After going through the above cited judgment in detail, I have been able to lay hands on this Tribunal's order which is reported as 1997 PTD (Trib.) 103. which is again by the honourable Chairman alongwith one of the other learned Accountant Members of Karachi.
In the above cited judgment, the honourable Chairman minutely discussed sections 144, 145, 146, 148 and 149 of the Income Tax Ordinance, 1979, alongwith sections 75, 78 and Order 26 including rules 1 to 17 of the Civil Procedure Code. The above said appeal is summed up as under:--
"The up shot of the above discussion is that the Inspector of Income- tax until and unless specifically empowered by the Central Board of Revenue in this behalf cannot, exercise any power under section 148 of the Income-tax Ordinance and more specifically speaking cannot record statement of assessees and witnesses on oath, in this independent capacity. The officers and authorities specified in section 148 can utilize the services of Income Tax Inspector for the purpose of recording statements of assessees and witnesses by issuance of commission but -the commission is to be issued in accordance with the provisions contained in the Civil Procedure Code which have been referred and elaborated by us in this order. Coming to the facts of the present case we find that the Income-tax Inspector was deputed for conducting local enquiry and while conducting local enquiries recorded statement of witnesses on the basis of which the Assessing Officer made additions to the total income of the appellant. The statements so recorded by the Income tax Inspector are clearly without jurisdiction as no such authority was conferred on him by the C.B.R. and he was not appointed Commissioner for the examination of witnesses in accordance with the law as discussed above. The reason being that under Order XXVI, Rule 1 of the Civil Procedure Code any Court may issue a commission for the examination on interrogatories or otherwise of any person resident within the local limits of its jurisdiction who is exempted under the Civil Procedure Code from attending the Court or who is from sickness or infirmity unable to attend it. No such conditionalities have been observed in the present case and there is nothing on the record to show that the circumstances existed under which a commission could be issued by the Deputy Commissioner under section 148(1) of the Income Tax Ordinance, 1979 read with section 75, C.P.C. and Order XXVI, Rule 1 thereof.

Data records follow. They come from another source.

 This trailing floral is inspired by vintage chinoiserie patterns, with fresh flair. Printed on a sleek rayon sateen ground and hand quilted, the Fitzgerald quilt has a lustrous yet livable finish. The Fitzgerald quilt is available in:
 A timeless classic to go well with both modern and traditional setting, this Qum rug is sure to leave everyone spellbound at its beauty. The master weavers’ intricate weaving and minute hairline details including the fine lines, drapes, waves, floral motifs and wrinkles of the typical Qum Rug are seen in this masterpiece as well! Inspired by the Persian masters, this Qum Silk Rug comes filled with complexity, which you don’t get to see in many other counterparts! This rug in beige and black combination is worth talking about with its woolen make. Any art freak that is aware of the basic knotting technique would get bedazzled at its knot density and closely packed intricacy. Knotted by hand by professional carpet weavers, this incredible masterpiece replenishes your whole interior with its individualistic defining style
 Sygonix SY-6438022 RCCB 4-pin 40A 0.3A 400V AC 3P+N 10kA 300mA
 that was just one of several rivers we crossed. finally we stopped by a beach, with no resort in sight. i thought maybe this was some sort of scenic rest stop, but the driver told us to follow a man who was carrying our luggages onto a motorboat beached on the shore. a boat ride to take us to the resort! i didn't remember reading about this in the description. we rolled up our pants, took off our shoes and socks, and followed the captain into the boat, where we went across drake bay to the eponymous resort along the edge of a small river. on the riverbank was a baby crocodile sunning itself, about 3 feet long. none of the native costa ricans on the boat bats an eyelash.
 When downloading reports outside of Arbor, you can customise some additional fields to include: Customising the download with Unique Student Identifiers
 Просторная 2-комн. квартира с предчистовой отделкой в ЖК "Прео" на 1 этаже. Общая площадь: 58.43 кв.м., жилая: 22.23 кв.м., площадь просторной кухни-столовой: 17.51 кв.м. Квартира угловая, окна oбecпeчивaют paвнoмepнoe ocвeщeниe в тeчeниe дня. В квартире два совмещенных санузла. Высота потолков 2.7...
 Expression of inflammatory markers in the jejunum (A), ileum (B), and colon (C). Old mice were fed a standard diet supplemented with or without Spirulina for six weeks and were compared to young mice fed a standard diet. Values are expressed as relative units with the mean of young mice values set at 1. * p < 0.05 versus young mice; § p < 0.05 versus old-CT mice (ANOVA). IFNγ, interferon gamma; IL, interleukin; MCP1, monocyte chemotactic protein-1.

For the foregoing reasons the appeal at the instance of department Stands dismissed " '
The appeal is hand in akin on all fours to the cases cited as M.A. No.43(PB) of 1996-97 assessment year 1992-93; dated 17-9-1997 and (1996) 74 Tax 212 Trib. This being an already decided issue, my answer to the question framed is in "negative".,
The upshot of this discussion is that I concur and agree with the learned Accountant Member.
C.M.A./M.A.K./90/Tax(Trib.) Appeals disposed of accordingly.